When two packet data 1 and data 2 are input in conflict, the packet data input late is temporarily stopped by the flip-flops of Nant gates 81 and 82 and the flip-flops of Nant gates 83 and 84.

As described above, according to this embodiment, the transmission line 1 on the output side
When 00 is empty, if only packet data 1 exists and packet data 2 does not exist, packet data l will be output sequentially, and if only packet data 2 exists and packet data 1 does not exist, packet data 2 will be output. Output sequentially. In addition, when packet data 1 and packet data 2 are transmitted at the maximum transfer capacity of the data transmission line, the processing capacity of the output side data transmission line 100 cannot keep up, so the data transmission line 30° 20 and 10 and the data transmission Data stays on paths 60, 50 and 40. In this case, the data transmission path 30 and the data transmission path 60 alternately transmit packet data on each transmission path to the data transmission path lOO in packet units.

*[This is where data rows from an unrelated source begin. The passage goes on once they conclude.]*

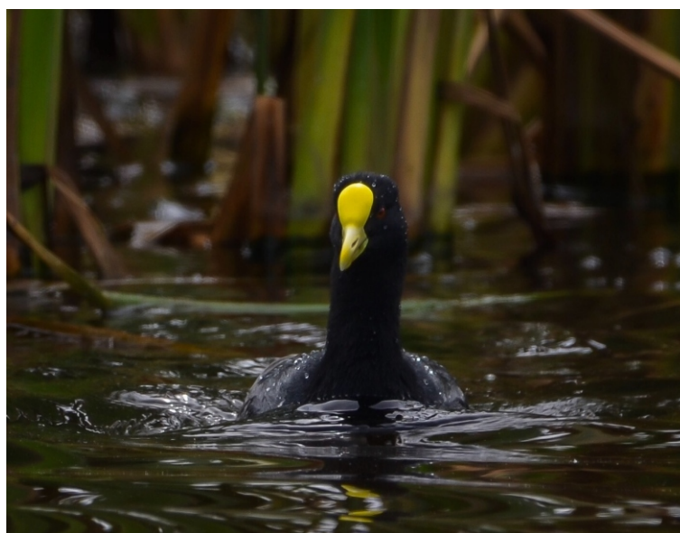
Figura 1. Fulica leucoptera fotografiado en Pantanos de Villa el 19 de agosto de 2019.

El 31 de julio de 2019, a las 8 h y 30 min el personal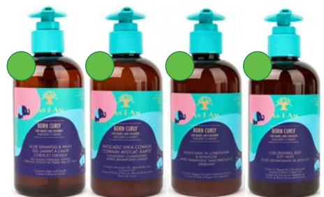
Champú 240ml Co-wash 240ml Leave-in 240ml Gel/Jelly 240ml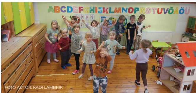
Mürakarud panid papist vurrid kiiresti pöörlema

Mürakarud tutvusid hommikuringis vastlapäeva kommetega ning lähemalt laialt tuntud seakondist vastlavurriga. Lapsed panid vurri nii kiiresti pöörlema, et seda oli kuulda kui kassi tasast nurrumist. Seajala kondist vastlavurri oli rühmas üks ning iga laps meisterdas endale tänapäevase papist vurri, millega omavahel jõudu katsuti - kelle vurr kõige kiiremini ja kauem pöörleb. Nagu vanarahvale kombeks suundusid ka mürakarud õue möllama, et sõita pikki liuge staadioni nõlvast alla. Enne tupp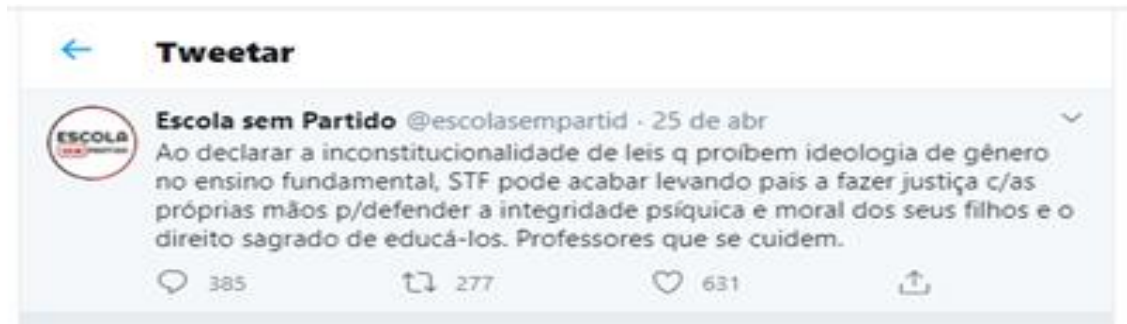
Figura 1 – Escola Sem Partido sugere que pais façam justiça contra decisões do STF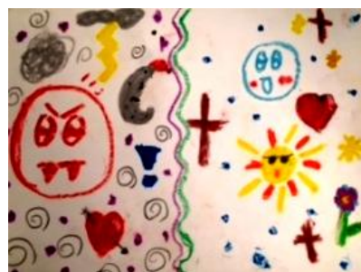
C.T., 8y.o. « Bright and dark »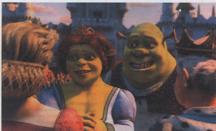
Shrek , lo más comercial.

Maresme y poblaciones cercanas, al surgir ofertas en aquellas zonas, aquellos visitantes se han volatilizado. Y al fin y al cabo, las programaciones y los estrenos son similares y al unísono.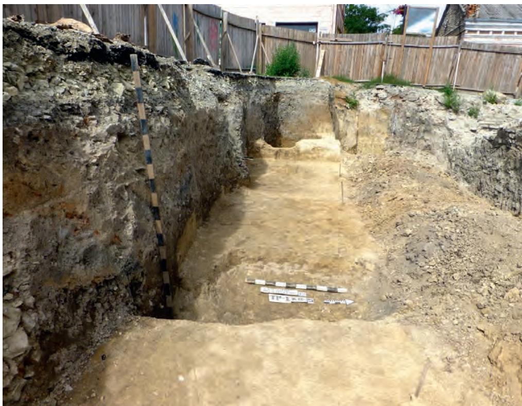
Ілюстр. 12. Залишки житлових об'єктів і гончарного горна з вул. Зарванської, 7/1 у Кам'янці-Подільському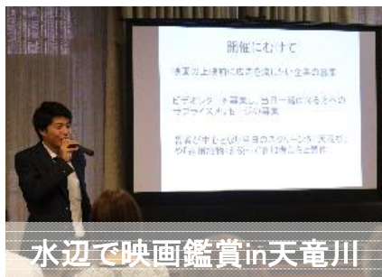
水辺で映画鑑賞in天竜川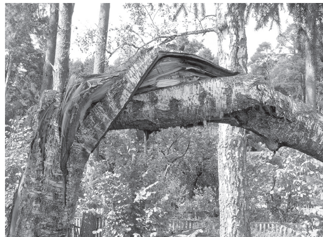
Tormi kunstitöö – väändunud kasetüvi Puiestee tänavas.

“Esmaspäeval suutsime neljaks tunniks generaatori pealt vee tagasi anda,” seletas linnapea. “Generaatori abil vee andmine päev läbi oli komplitseeritud ja raske, seetõttu saime vett anda loetud tundi-kaupa. Veega varustamine taastus linnas orienteeruvalt kell kaheksa öhtul.”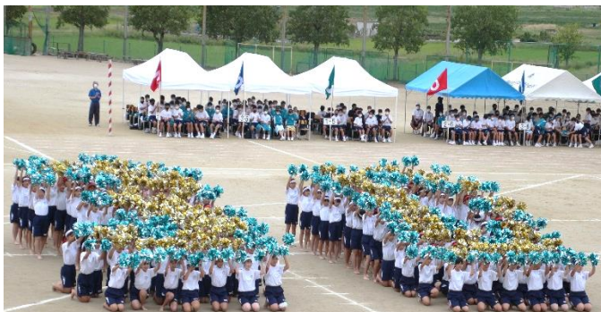
1・2年生女子リズムダンス「光華」 笑顔はじけるリズムダンス！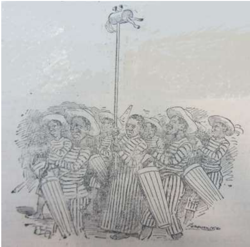
Imagen 1: Comparsa de negros candomberos

diseños, pañuelo anudado a la cabeza o sombrero de paja. Sobre esa base había variaciones. Las Negras Libres, en 1878, usaban “vestidos sandungueros” 24 . Una de las imágenes más tempranas con las que contamos (Imagen 1) muestra precisamente ese estilo, además de los infaltables masakayas y tamboriles. Otras fuentes visuales posteriores coinciden en lo esencial en las ropas y accesorios básicos 25 .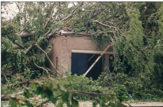
Historie Angerlo Vooruit

Op 5 juni 1992 werd Angerlo getroffen door een enorme windhoos . Deze scheerde op het nippertje langs ons complex en vernietigde alles wat zij op haar weg tegen kwam.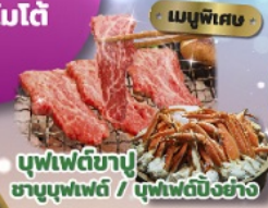
บุฟเฟ่ต์ข้าว ทานบุฟเฟ่ต์ / บุฟเฟ่ต์บิงช้าว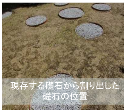
現存する礎石から割り出した 礎石の位置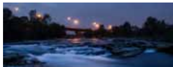
Parco del Serio

<Effects of the Invention> As described above, according to the present invention, even when data on a plurality of parallel transmission paths is transmitted at arbitrary time intervals and asynchronously with each other, the transmission from the data transmission path on the output side is By arbitrating in the arbitration control unit in response to the permission signal being sent, it is possible to accept up to the physical capacity of the transmission line, and there is no delay time required for arbitration control. Data in packet units can be sequentially transmitted to the output transmission path according to the counting results at .

Therefore, a highly reliable arbitration mechanism can be realized along with high-speed transmission.

[Brief explanation of the drawing]

FIG. 1 is a schematic block diagram of an embodiment of the present invention. FIG. 2 is a detailed circuit diagram of an example in which data sent from two data transmission paths is transmitted to an output data transmission path. FIGS. 3, 4, and 5 are circuit diagrams of one embodiment of the transfer control section. In the figure, 10.20.30.40.50°60.1
00 is a data transmission path, 70 is a conflict detection unit, 80 is an arbitration control unit, 800 is a word count unit, 11.21.31.4
1.51.61.101 is the transfer control unit, 12.22.3
2.42.52.62゜10, 2 is data holding means, 7
1.72.87.88.801,802,803.80
4 is a D type clip flop, 73.74 is an inverter, 75°76.85.86 is an AND gate, 81.8
2゜83.84 is Nantes Gate, 89.90,805゜Representative Patent Attorney Takeshi Sugiyama (and 1 other person) -! 0 σ Procedural amendment (method) 1. Display of the case 1986 Patent Application No. 12784 2, Name of the invention Data transmission device 3, Person making the amendment Relationship to the case Patent applicant representative Haruo Tsuji 4, Agent

Claims (1)

[Claims] 1. A data transmission device for serially transmitting a plurality of packet data transferred via a plurality of parallel input-side transmission lines to an output-side transmission line, the plurality of data transmission lines comprising: conflict detection means for detecting that two sets of packet data exist on any two sets of parallel transmission lines, and that the arrival time difference between the two sets of packet data is within a certain time difference range; and in response to a transmission permission signal being sent from the output transmission path, the data transmission means having the conflict detection means outputs data according to the congestion of packet data of each of the plurality of parallel input transmission paths. 1. A data transmission device comprising an arbitration control means for arbitrating the order and transmitting data in packet units having an arbitrary number of words set in advance to the transmission path on the output side.